On July 9, the Swiss pharma giant announced it was permanently shutting down both of its Huntington's gene-silencing drugs: tominersen and RG6496. No further trials. No compassionate use. No open-label extensions. The lights are off and the doors are locked.
For the roughly 41,000 symptomatic Americans (and over 200,000 more who carry the gene), this is devastating. Huntington's disease has no approved treatment that slows or stops its progression. Every drug on the market just manages symptoms. Roche was supposed to change that.
Tominersen was an antisense oligonucleotide, or ASO: a short strand of synthetic genetic material designed to silence the huntingtin gene. Think of it like a mute button for the protein that slowly destroys the brains of Huntington's patients.
The concept was elegant. Early data from a small Phase 1/2a study showed the drug cut levels of the toxic protein by about 38% in spinal fluid. Roche licensed it from Ionis Pharmaceuticals in 2017 and charged into a massive Phase 3 trial called GENERATION HD1, enrolling roughly 791 patients across 18 countries.

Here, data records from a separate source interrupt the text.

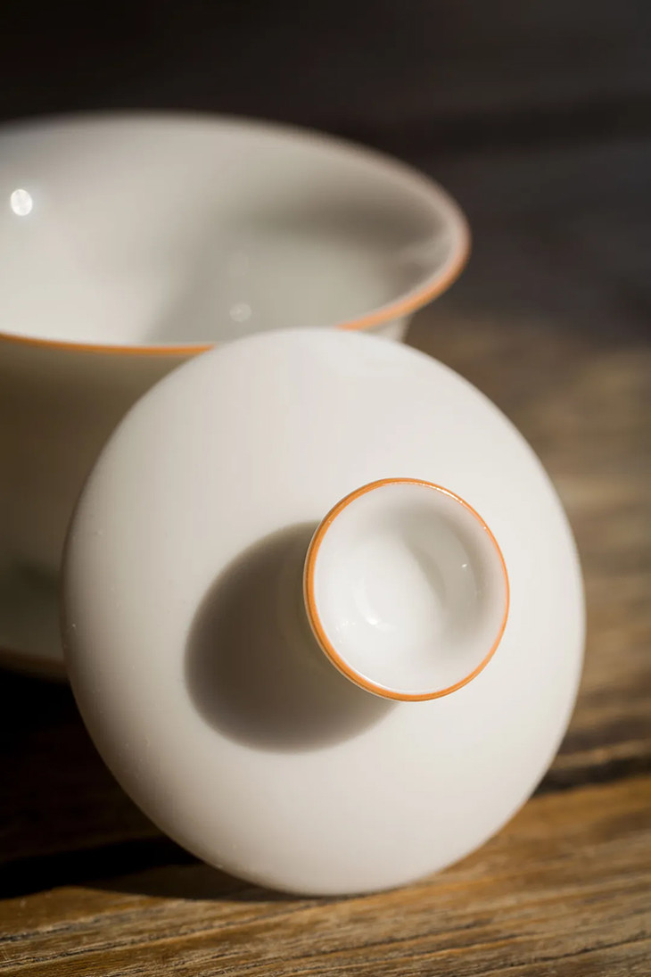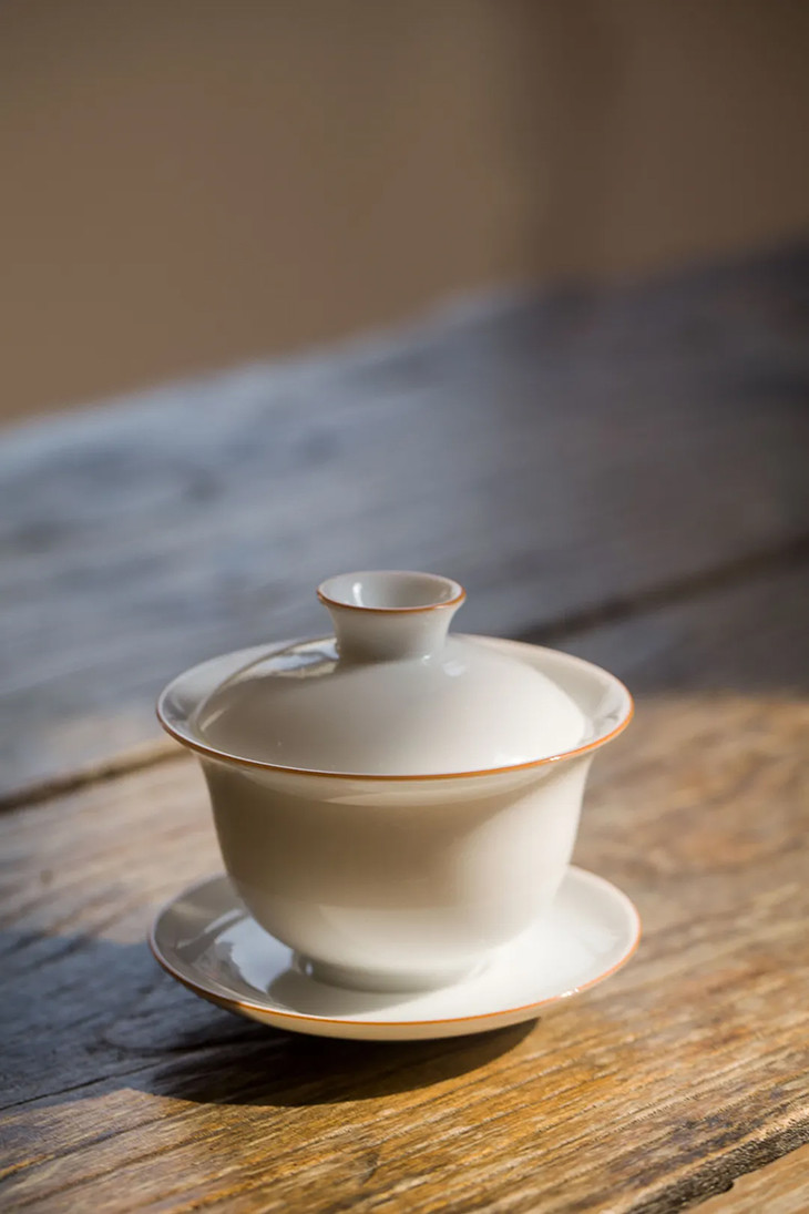 这款盖碗线条柔美、器型圆润、胎薄莹润、容量适中。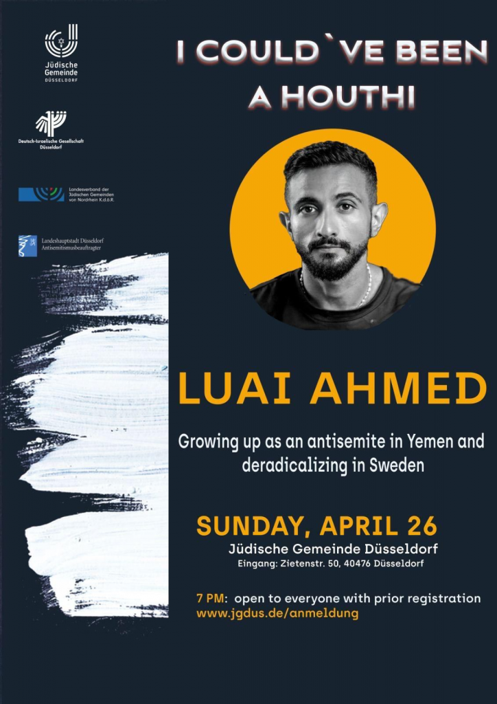 In einem eindrucksvollen Vortrag wird Luai Ahmed berichten, wie er als Antisemit im Jemen aufgewachsen ist und wie sein Weg der Deradikalisierung ihn nach Schweden führte. Luai schildert, wie er im Jemen, in Schulen, Moscheen und im gesellschaftlichen Alltag systematischer Gehirnwäsche ausgesetzt war.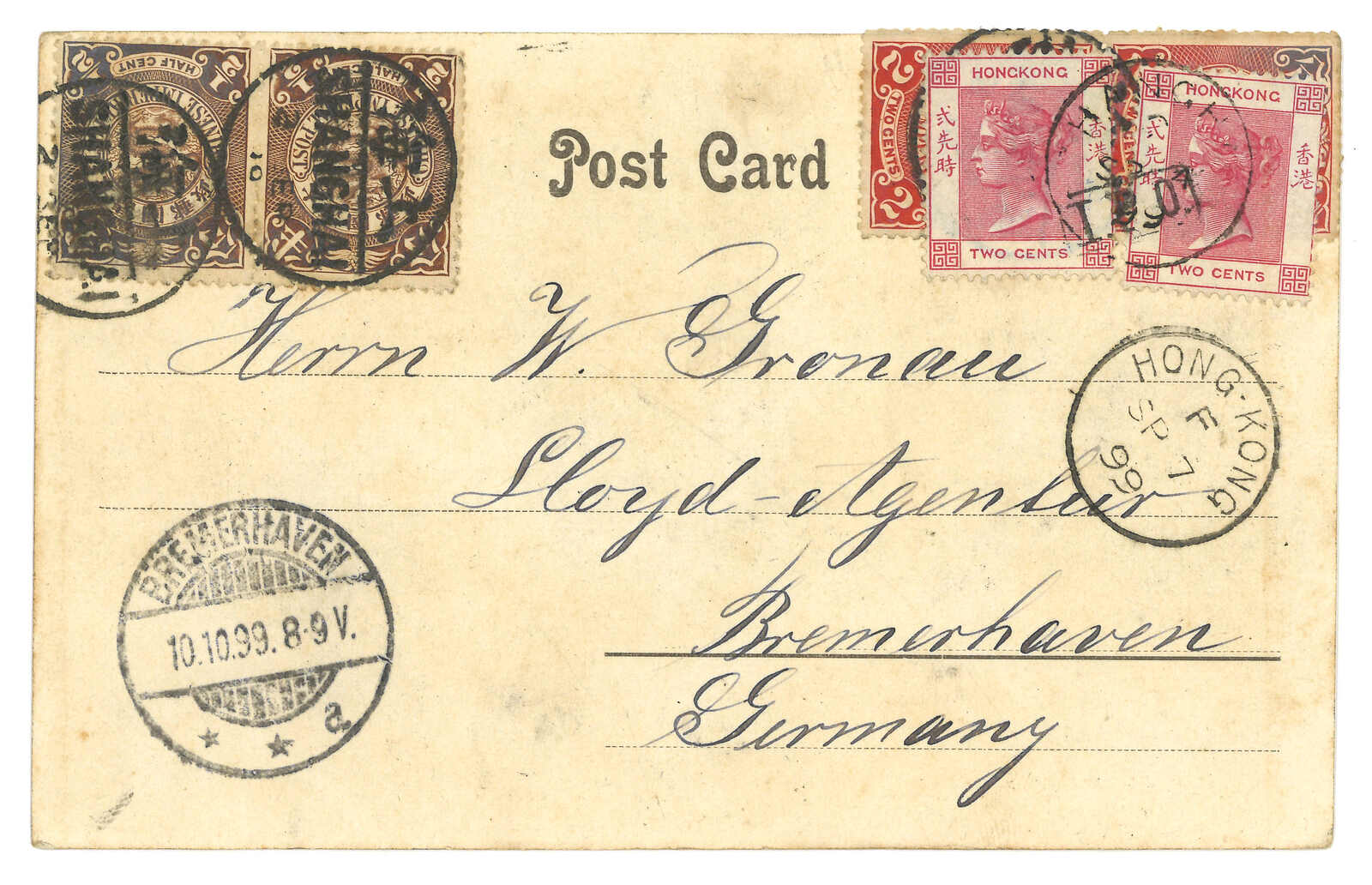 1899.9.2 上海寄德國。圖片明信片,貼蟠龍半分雙連 + 2分雙連,銷上海半切漢英日戳。加貼香港維多利亞女皇像2仙x2,銷上海Webb 1型上海IPO騎縫戳及上海英局日戳。9.7經香港。10.10抵不萊梅。(Image 1)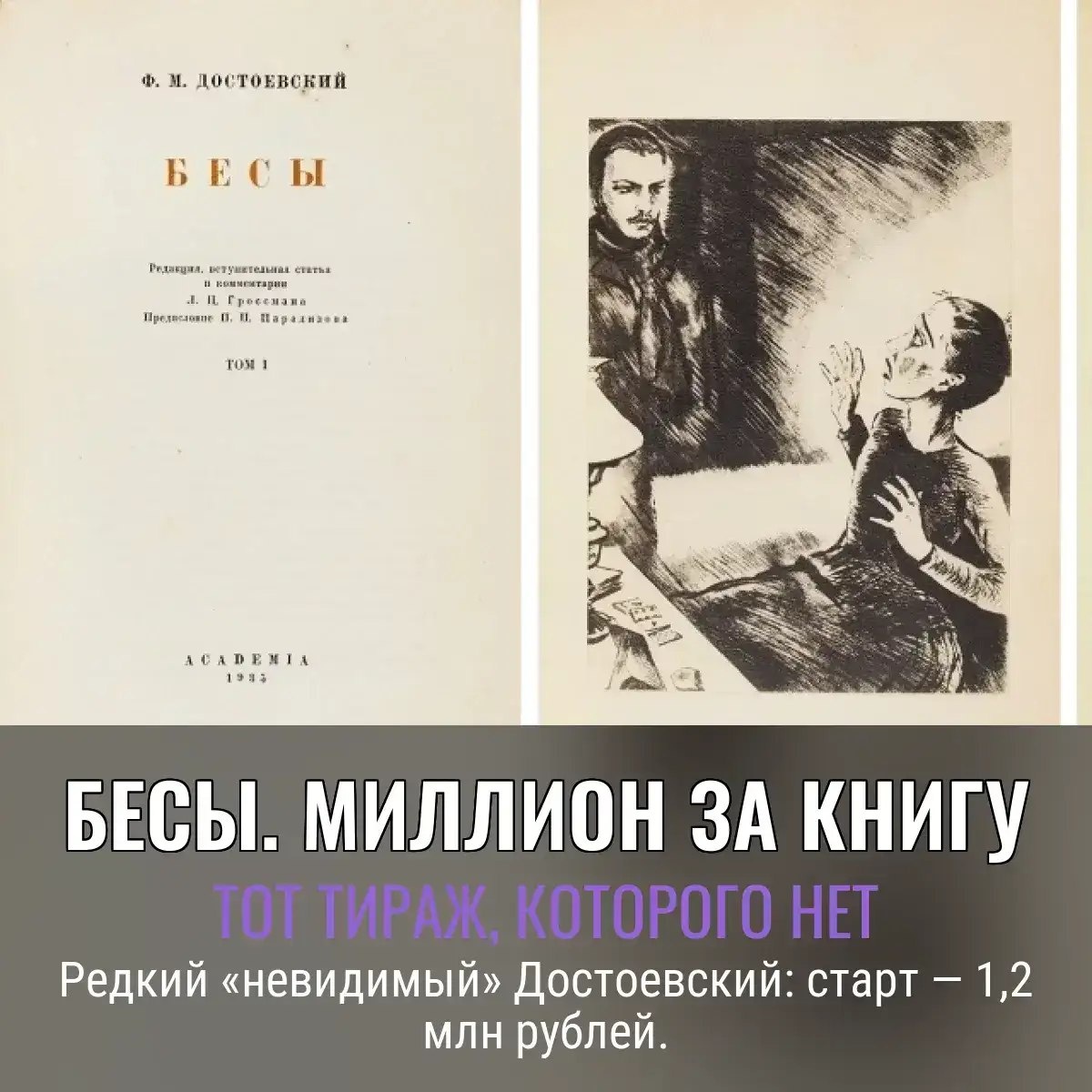 🤑. На аукционе всплывет экземпляр печально уничтоженного издания «Бесов» 1935 года — той самой книги, которой официально «не существует». Тираж зарубили по навету в «Правде», назвать роман "контрреволюционным" оказалось проще, чем почитать классику. Лот для отчаянных коллекционеров: таких осталось в природе всего около десяти штук — редкие, как совесть у цензоров. Другие лоты — сборник стихов ручной работы, автографы, старые фото и бумажки из истории, но, как обычно, все в тени призрачного Достоевского., Следите за новостями 📩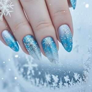 Mix soft blue shades with silver chrome tips or snowflake designs.
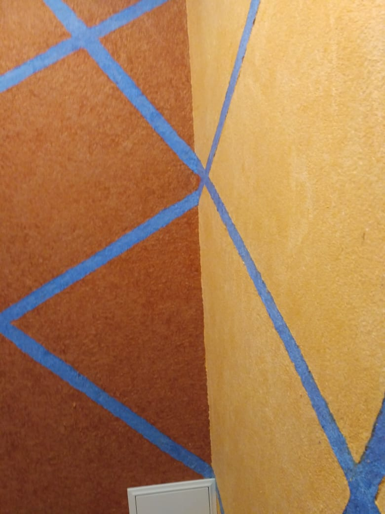 Хочу рассказать об опыте использования жидких обоев в отделке стен. Были куплены целлюлозные жидкие обои для небольшого помещения — холл перед санузлами. Выбран этот материал был по трём причинам: - стены, обшитые гипсокартоном, не требовали финишной шпатлевки — жидкие обои прекрасно скрыли швы и все мелкие неровности. Потребовалась только акриловая грунтовка; - легкость нанесения — хозяйка дома наносила обои сама. Опыта у неё было ноль. Несмотря на это, покрытие получилось равномерным и красивым. - внешний вид стен — результат был именно такой, какой обещал на картинках производитель обоев. Яркая фактурная поверхность, к тому же приятная на ощупь. Работа оказалась несложно и интересной: разводить и наносить шпателем кашицу, у которой нет запах, от которой нет грязи — не то, что краска и штукатурка. Большое преимущество! Результат порадовал: Напомню, что помещение без излишней влажности. Обои не продержались в своём виде и года: Виной тому — уборка. Не выдержали частой уборки. Сначала

Then things went sideways. In March 2021, an independent safety board pulled the plug on dosing. Patients who received the drug every two months were actually getting worse faster than those on placebo. Not just failing to improve; actively declining. The higher the exposure, the worse the outcome.
Roche didn't give up entirely. Post-hoc analyses (the biotech equivalent of reviewing game tape after a loss) hinted that younger patients with milder disease might still benefit. So the company designed a more targeted Phase 2 trial, GENERATION HD2, testing lower doses in earlier-stage patients.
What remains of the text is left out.